Wg BGG, w zeszłym roku zagrałam w 86 różnych tytułów, w tym poznałam 54 nowych gier (wow). Praktycznie jedna nowa gra na tydzień. W ogóle tego nie czuję :)

 A oto plany na nadchodzący rok, coś jak wyzwanie planszówkowe Rebela, tylko mojsze, natchnione trochę za Board-to-be-wild i Planszówki okiem Powermilka:

1. Gra sprzed 2000 roku.
2. Gra z 2015 roku.
3. Gry tematyczne:
- o Dzikim Zachodzie
- o zwierzętach
- związana z Cthulhu
- gra o superbohaterach
- gra piracka 
- gra postapokaliptyczna
- gra o starożytności
- gra śledztwo
4. Gra dwuosobowa, nie abstrakcyjna.
5. Tradycyjna gra planszowa.
6. Gra, w której upływają lata, miesiące lub dni.
7. Gra print'n'play.
8. Gry, których tytuł (polski/oryginalny) zaczyna się na każdą z liter alfabetu (a,b,c,d,e,f,g,h,i,j,k,l,m,n,o,p,q,r,s,t,u,w,x,y,z).

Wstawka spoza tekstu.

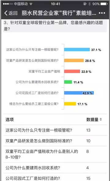而值得一提的是,麗水市政府已經(jīng)連續(xù)4次組織企業(yè)主來(lái)“雙童”參觀學(xué)習(xí)啦!他們對(duì)此次的學(xué)習(xí)也非常重視,早在上個(gè)月,就已經(jīng)在內(nèi)部的微信群里宣傳起了“雙童”,而且還特意針對(duì)這次的參觀設(shè)計(jì)了調(diào)查問卷,足以看出他們的用心之處!

Pominąwszy punkt 8, gry nie mogą się powtarzać (tj. gra wymieniona pod literą C może być też np. o Cthulhu). Daty - bardziej wiążące są daty oryginalnych wydań. Do tego wyzwania nie związane z konkretnymi tytułami (i również mogą się powtarzać względem powyższych):

9. Zagrać z kimś 20 lat starszym, (nie przez internet).
10. Zagrać na świeżym powietrzu.
11. Zagrać w środku transportu.
12. Zagrać na wydarzeniu typowo planszówkowym, np. Pionku.
13. Zagrać w prototyp gry przeznaczonej do wydania.